Open starship006 opened 3 months ago

starship006 commented 3 months ago

I am working on a modified version of this repository with slight changes, so I am trying to see if this is an error on my side or not. My setup uses a distributed GPU setup using Accelerate. I am having some issues loading in the lm_optimizer. Here is my current saving and loading code inside of trainer.py:

 def save(self, path):
        torch.save({'model_state_dict': self.accelerator.unwrap_model(self.agent.model).state_dict(),
                    'critic_state_dict': self.accelerator.unwrap_model(self.agent.critic).state_dict(),
                    'target_critic_state_dict': self.accelerator.unwrap_model(self.agent.target_critic).state_dict(),

                    }, path)
        # do it at the same path, but with a different name
        torch.save({'critic_optimizer_state_dict': self.critic_optimizer.state_dict()}, path.replace('.pt', '_critic_optim.pt'))
        torch.save({'lm_optimizer_state_dict': self.lm_optimizer.state_dict()}, path.replace('.pt', '_lm_optim.pt'))

def load(self, path):
        # We've modified the below to load in via the CPU. This fixes a memory issue. The agent will/should be prepared down the line, and the critic/lm optimizer is re-prepared here.
        checkpoint = torch.load(path, map_location=torch.device('cpu'))
        self.agent.model.load_state_dict(checkpoint['model_state_dict'])
        self.agent.critic.load_state_dict(checkpoint['critic_state_dict'])
        self.agent.target_critic.load_state_dict(checkpoint['target_critic_state_dict'])

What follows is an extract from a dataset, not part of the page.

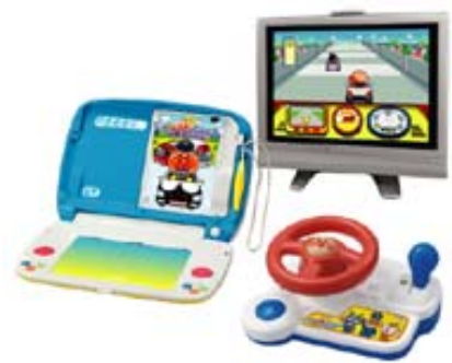
「アンパンマンドライブ」8月発売 ¥7,245 ©やなせたかし/フレーベル館・TMS・NTV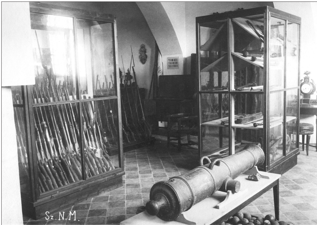
2. kép A két világháború közötti időszakban, a Székely Nemzeti Múzeumban

        critic_optim_checkpoint = torch.load(path.replace('.pt', '_critic_optim.pt'))
        self.critic_optimizer.load_state_dict(critic_optim_checkpoint['critic_optimizer_state_dict'])    

        # The following crashes
        #trainer_checkpoint = torch.load(path.replace('.pt', '_lm_optim.pt'))
        #self.lm_optimizer.load_state_dict(trainer_checkpoint['lm_optimizer_state_dict'])

        self.critic_optimizer, self.lm_optimizer = self.accelerator.prepare(self.critic_optimizer, self.lm_optimizer)        
        return self.agent

The code above works fine, but isn't loading in lm_optimizer. However, when uncommenting those lines of code, everything works until self.lm_optimizer tries to perform lm_optimizer.step(). The code errors with:

RuntimeError: Tensors of the same index must be on the same device and the same dtype except `step` tensors that can be CPU and float32/64 notwithstanding

I'm currently pretty lost as to what the bug might be. I don't think I've changed any code which would be relevant to lm_optimizer. If this is something that you recognize/notice, I would very much appreciate it!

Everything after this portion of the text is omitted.